We submitted 8 subjects with a previous diagnosis of ring 20 chromosome mosaicism to a clinical re-evaluation, followed by cytogenetic, FISH, array-CGH and molecular analyses. The genetic study was also extended to their available parents.


FISH and array-CGH experiments indicate that cryptic deletions on chromosome 20 are not the cause of the r(20) chromosome associated disease. Moreover, no evidence of chromosome 20 uniparental disomy was found. Analysis of FISH signals given by variant in size alphoid tandem repeats probes on the normal chromosome 20 and the r(20) chromosome in the mosaic carriers suggests that the r(20) chromosome is the same chromosome not circularized in the "normal" cell line.

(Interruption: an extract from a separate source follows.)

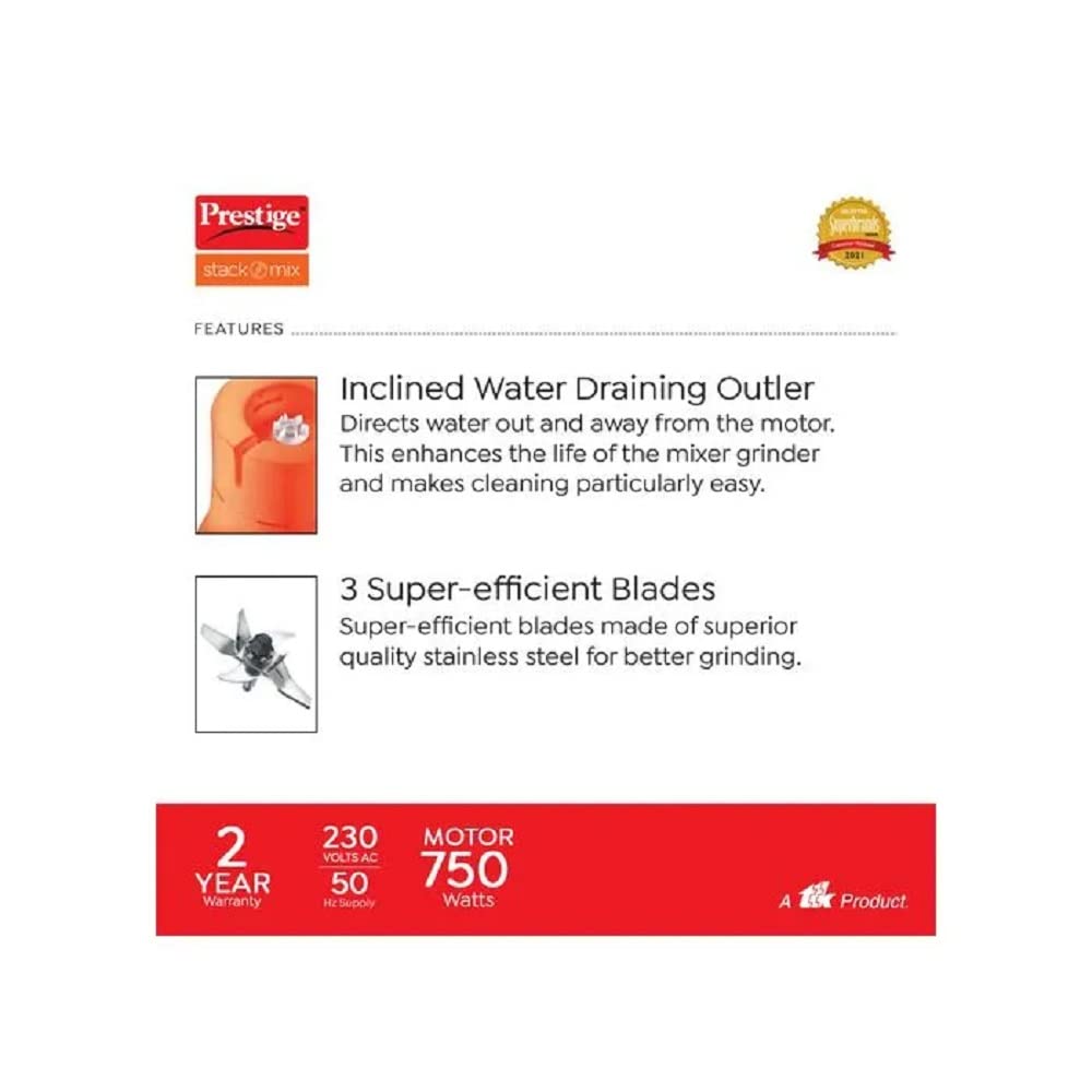 Prestige Stack-O-Mix 750 W Mixer Grinder with 3 Ss Jars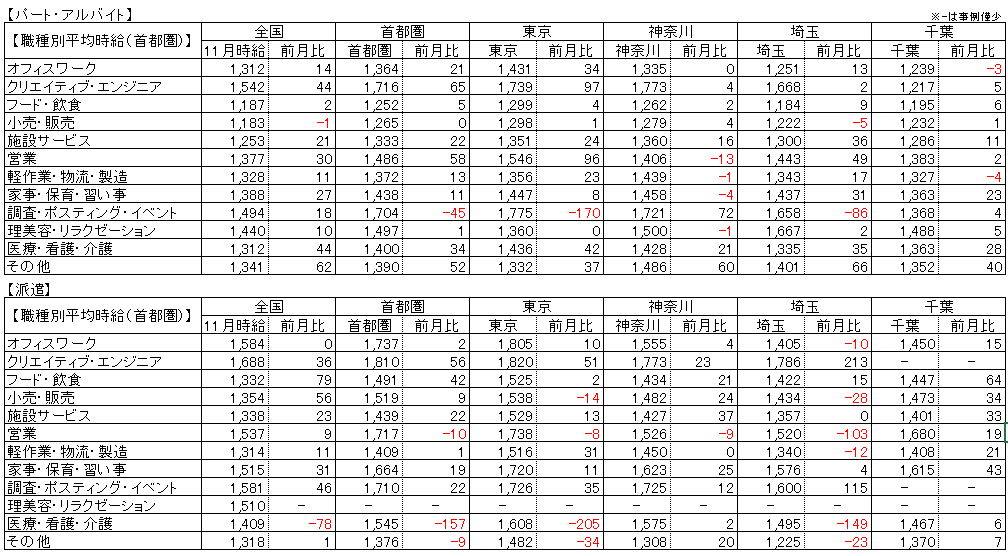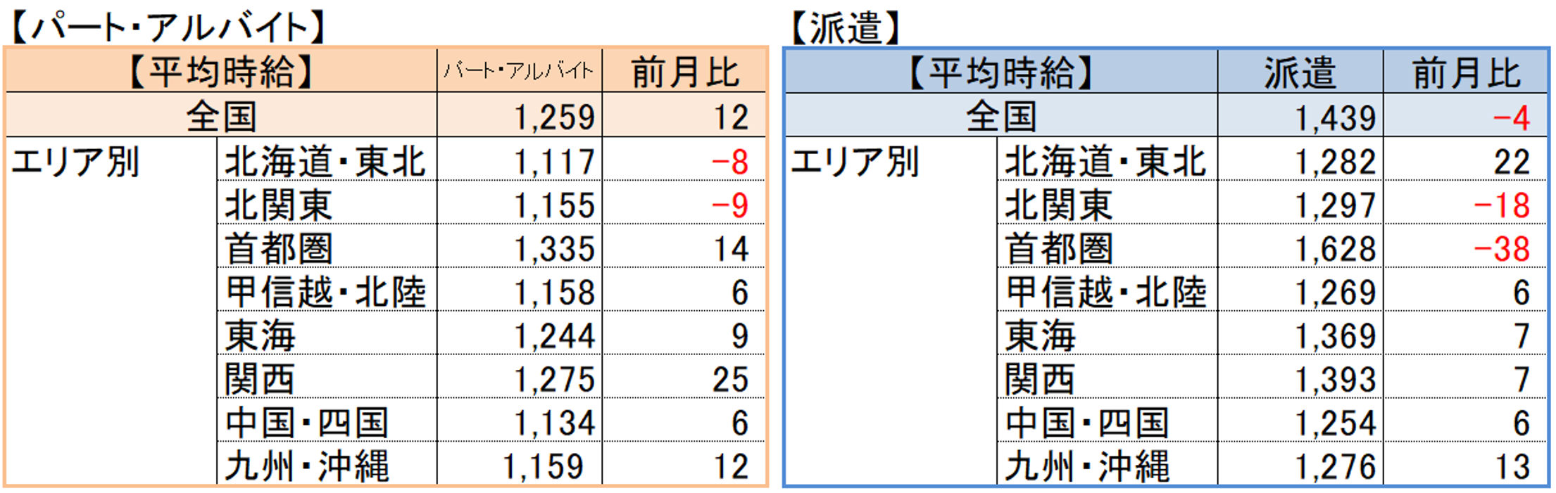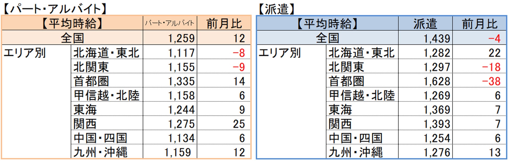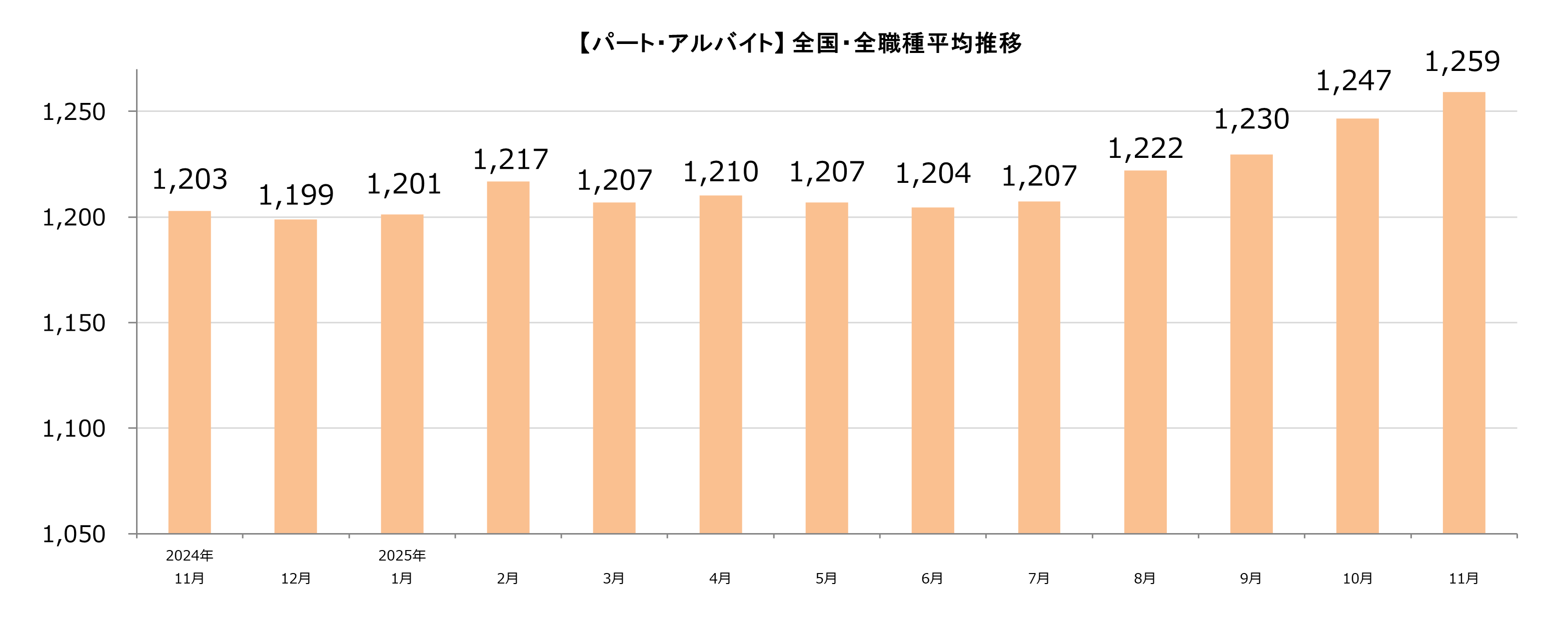【パート・アルバイト】全国・全職種平均時給は1,259円。前月比+12円。前年同月比+56円。

Higher percentages of r(20) chromosome cells were observed to be related with precocious age at seizure onset and with resistance to antiepileptic drug treatment. Behavioural problems also seem to be associated with higher percentages of r(20) chromosome cells. Our results suggest that an epigenetic mechanism perturbing the expression of genes close to the telomeric regions, rather than deletion of genes located at the distal 20p and/or 20q regions, may underlie the manifestation of r(20) syndrome.